About this exercise:
Nothing but the lines below, from the first through the line containing "Descripción física: Disco", should be set down, each one exactly and without pictures.

Records from a collection:
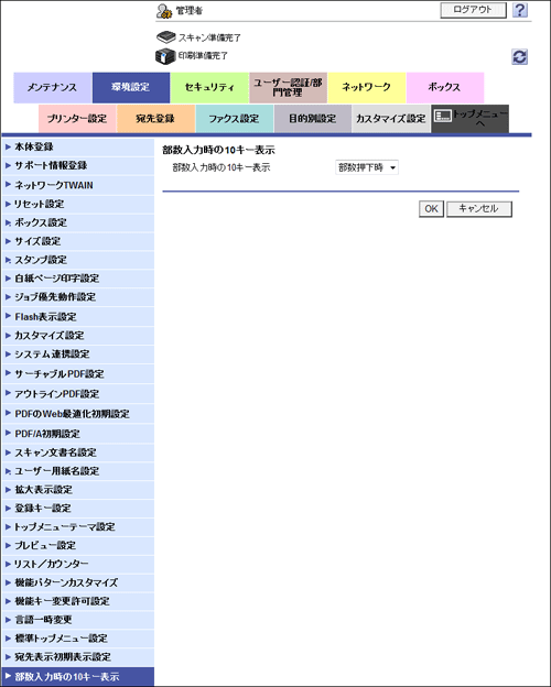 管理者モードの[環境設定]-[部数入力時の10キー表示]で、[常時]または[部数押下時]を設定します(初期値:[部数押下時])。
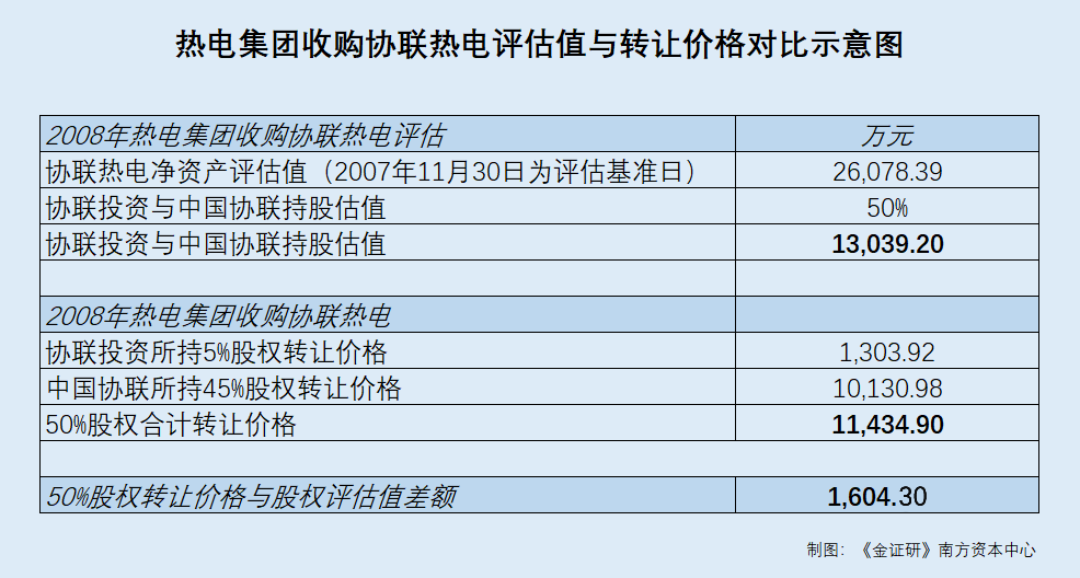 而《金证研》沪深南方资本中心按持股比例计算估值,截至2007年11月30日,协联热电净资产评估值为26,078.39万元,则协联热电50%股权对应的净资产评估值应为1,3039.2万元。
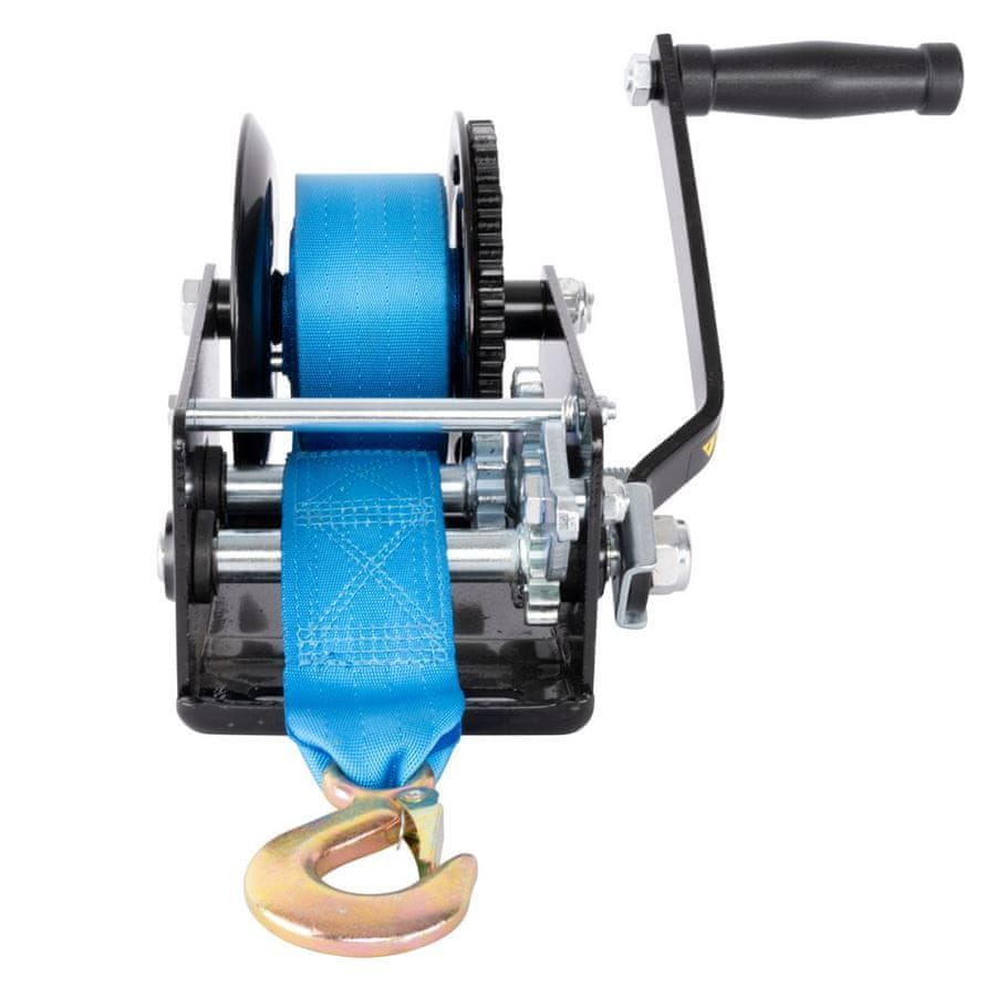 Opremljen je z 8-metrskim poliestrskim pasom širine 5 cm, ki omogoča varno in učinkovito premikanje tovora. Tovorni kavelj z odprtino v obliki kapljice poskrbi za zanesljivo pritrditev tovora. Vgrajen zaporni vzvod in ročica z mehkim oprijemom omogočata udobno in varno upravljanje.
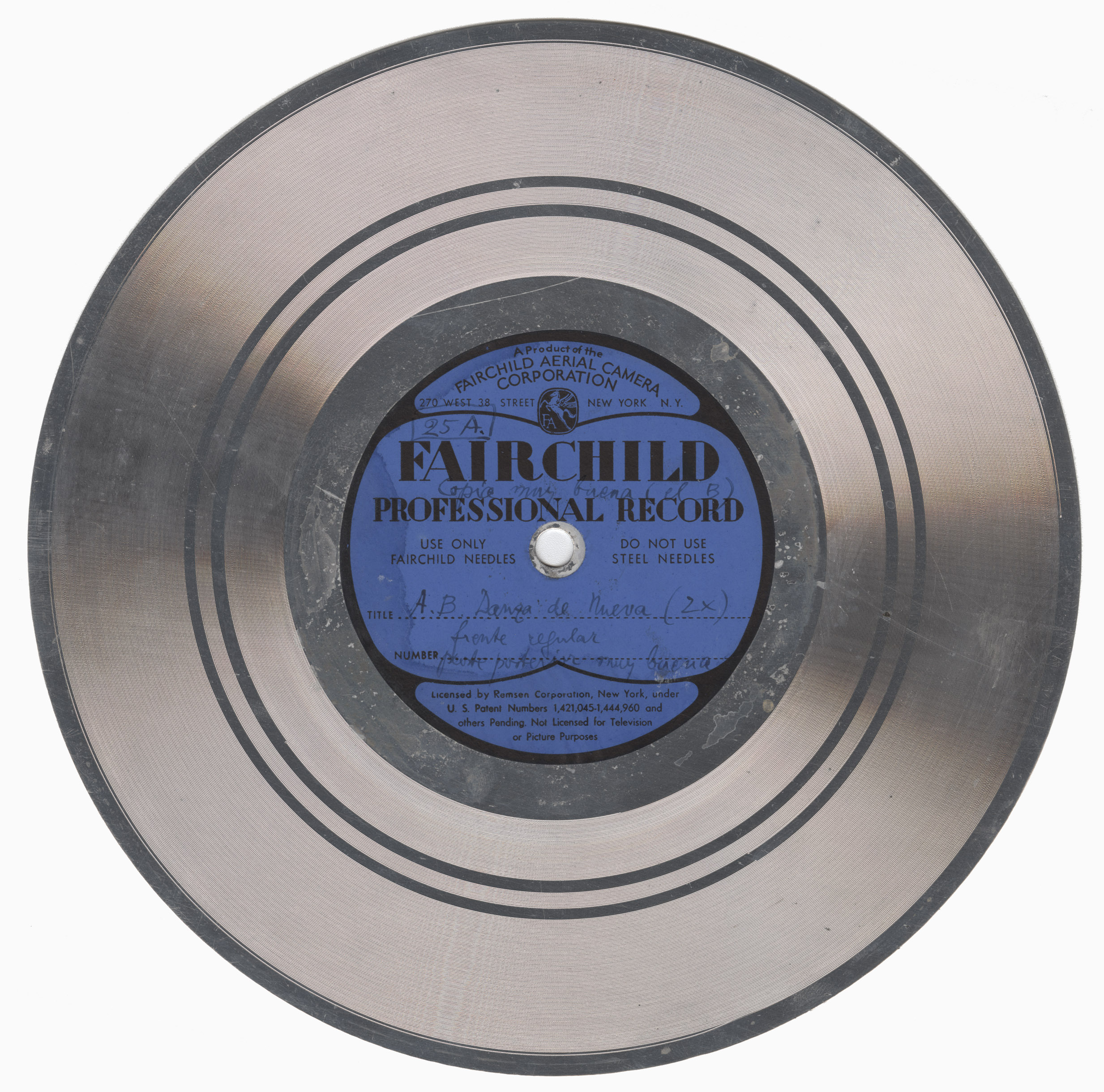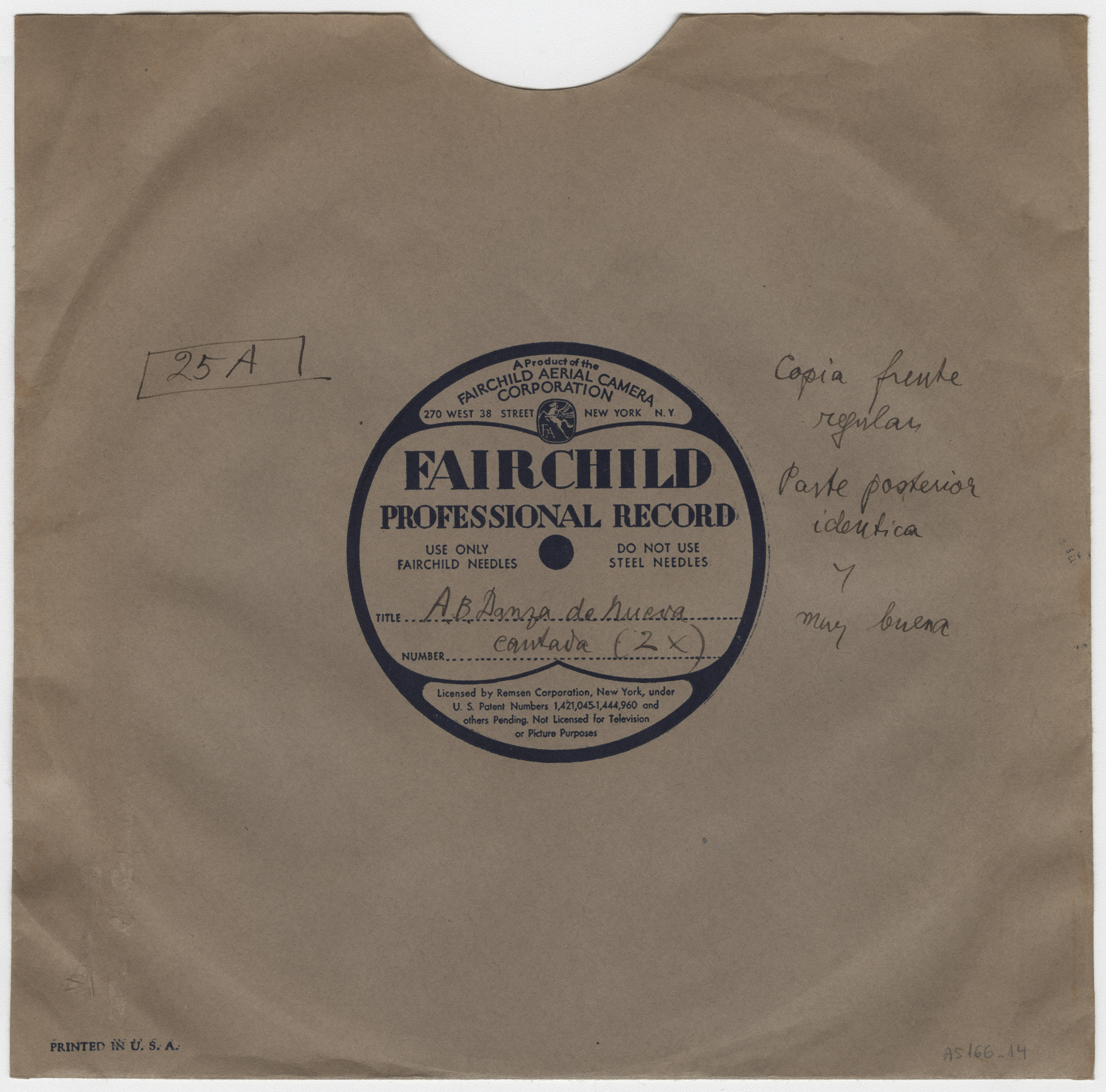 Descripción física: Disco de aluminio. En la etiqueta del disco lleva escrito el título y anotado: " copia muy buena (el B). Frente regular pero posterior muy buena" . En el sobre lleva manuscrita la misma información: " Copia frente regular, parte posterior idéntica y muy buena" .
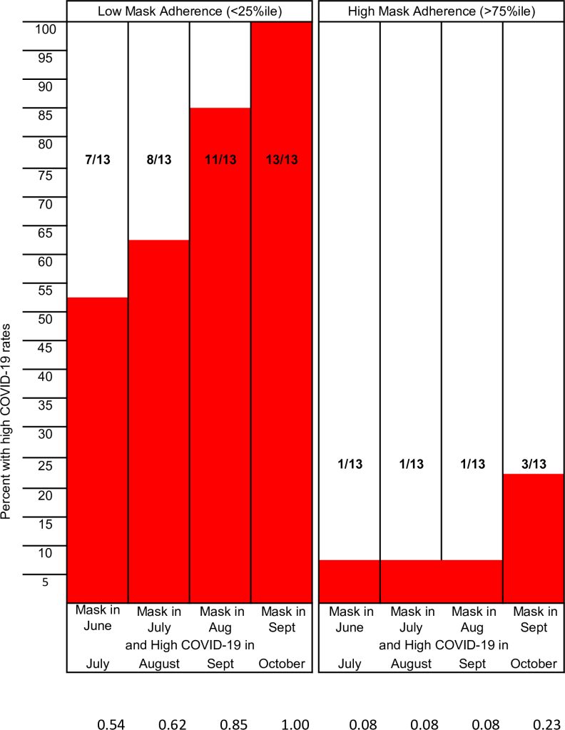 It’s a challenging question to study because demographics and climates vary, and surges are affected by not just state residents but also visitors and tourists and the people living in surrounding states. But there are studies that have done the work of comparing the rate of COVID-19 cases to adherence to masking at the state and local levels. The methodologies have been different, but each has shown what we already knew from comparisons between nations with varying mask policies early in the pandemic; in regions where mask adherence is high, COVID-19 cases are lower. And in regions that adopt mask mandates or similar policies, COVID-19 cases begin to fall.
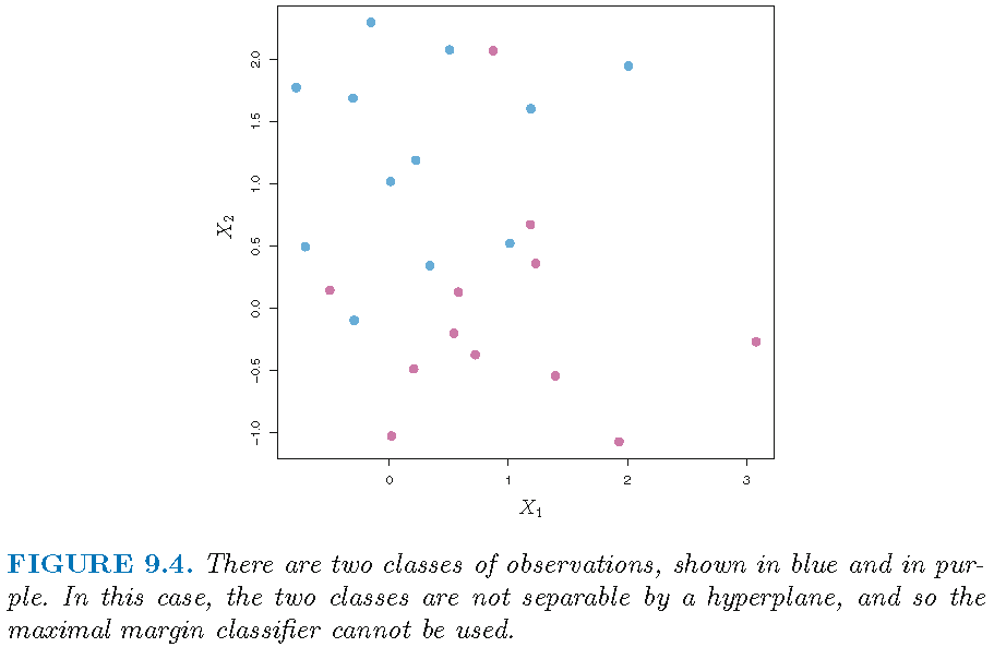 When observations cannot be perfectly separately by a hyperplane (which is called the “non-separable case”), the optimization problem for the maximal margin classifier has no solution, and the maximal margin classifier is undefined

Task solution:
 管理者モードの[環境設定]-[部数入力時の10キー表示]で、[常時]または[部数押下時]を設定します(初期値:[部数押下時])。
 而《金证研》沪深南方资本中心按持股比例计算估值,截至2007年11月30日,协联热电净资产评估值为26,078.39万元,则协联热电50%股权对应的净资产评估值应为1,3039.2万元。
 Opremljen je z 8-metrskim poliestrskim pasom širine 5 cm, ki omogoča varno in učinkovito premikanje tovora. Tovorni kavelj z odprtino v obliki kapljice poskrbi za zanesljivo pritrditev tovora. Vgrajen zaporni vzvod in ročica z mehkim oprijemom omogočata udobno in varno upravljanje.
 Descripción física: Disco de aluminio. En la etiqueta del disco lleva escrito el título y anotado: " copia muy buena (el B). Frente regular pero posterior muy buena" . En el sobre lleva manuscrita la misma información: " Copia frente regular, parte posterior idéntica y muy buena" .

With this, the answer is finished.